13. The mechanism of claim 12, wherein the ratcheting mechanism further comprises a pawl-disengagement member in lifting communication with the pawl of the ratchet and adapted to lift the pawl from the ratchet teeth and disengage the ratchet.

14. The mechanism of claim 1, wherein the rotatable member is disposed between a seat and a seat-back of a vehicle seat.

15. The mechanism of claim 1, wherein one or more of the rotatable member, the at least one lever member or the at least one anchor member comprise a material selected from the group consisting of organic polymer, a metal, an alloy, a composite material, and a fiberglass material.

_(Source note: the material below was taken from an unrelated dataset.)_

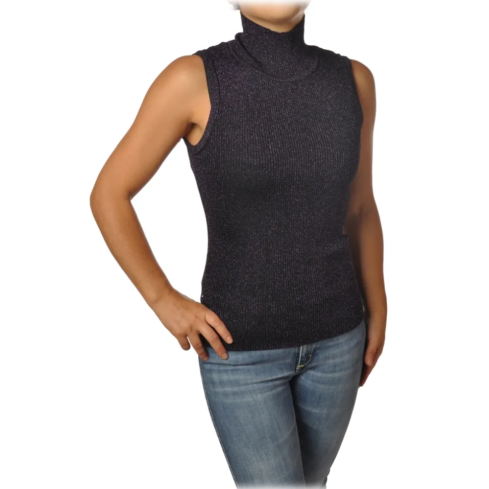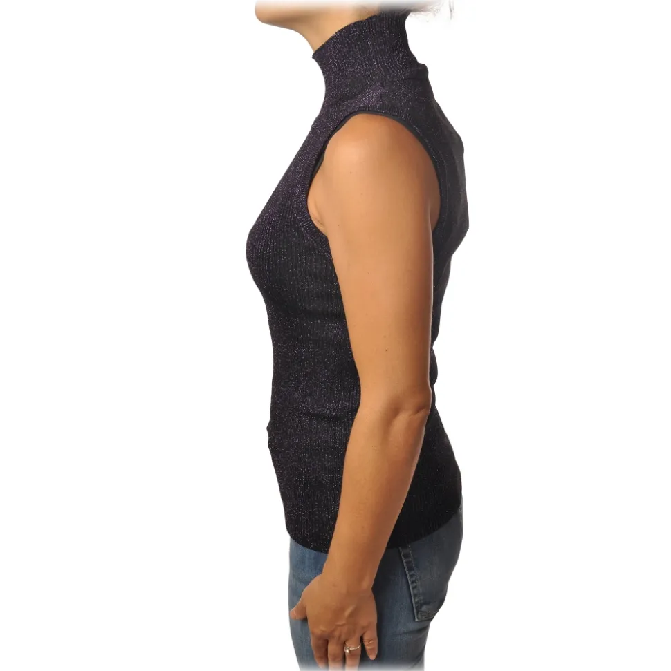 Pinko – Mock Turtleneck Ask Sleeveless in Lurex – Purple – Sweater – Made in Italy – Luxury Exclusive Collection

16. A system for installing a child safety seat, comprising:

a rotatable member having a first end and a second end spaced apart from the first end defining a longitudinal rotational axis, the rotatable member comprising a lower portion of a child safety seat installation system;

at least one anchor member having a first end connected to the rotatable member, a second end connected to the rotatable member, and a portion between the first end and the second end defining a gap between the anchor member and the rotatable member, the at least one anchor member being adapted to receive a lower tethering means in a secure relation;

at least one lever member connected to the rotatable member and extending away from the longitudinal rotational axis; and

an upper anchor member disposed at a location above the rotational member and adapted to receive an upper tethering means in a secure relation, the upper anchor member comprising an upper portion of a child safety seat installation system.

17. A seat tightening mechanism, comprising: an anchoring means for anchoring a child safety seat to a vehicle seat with a tethering means; a force-accepting means for accepting an applied force and converting the applied force into a torque for rotating the anchoring means about an axis; and a torque-transferring means for transferring torque from the force accepting means to the anchoring means.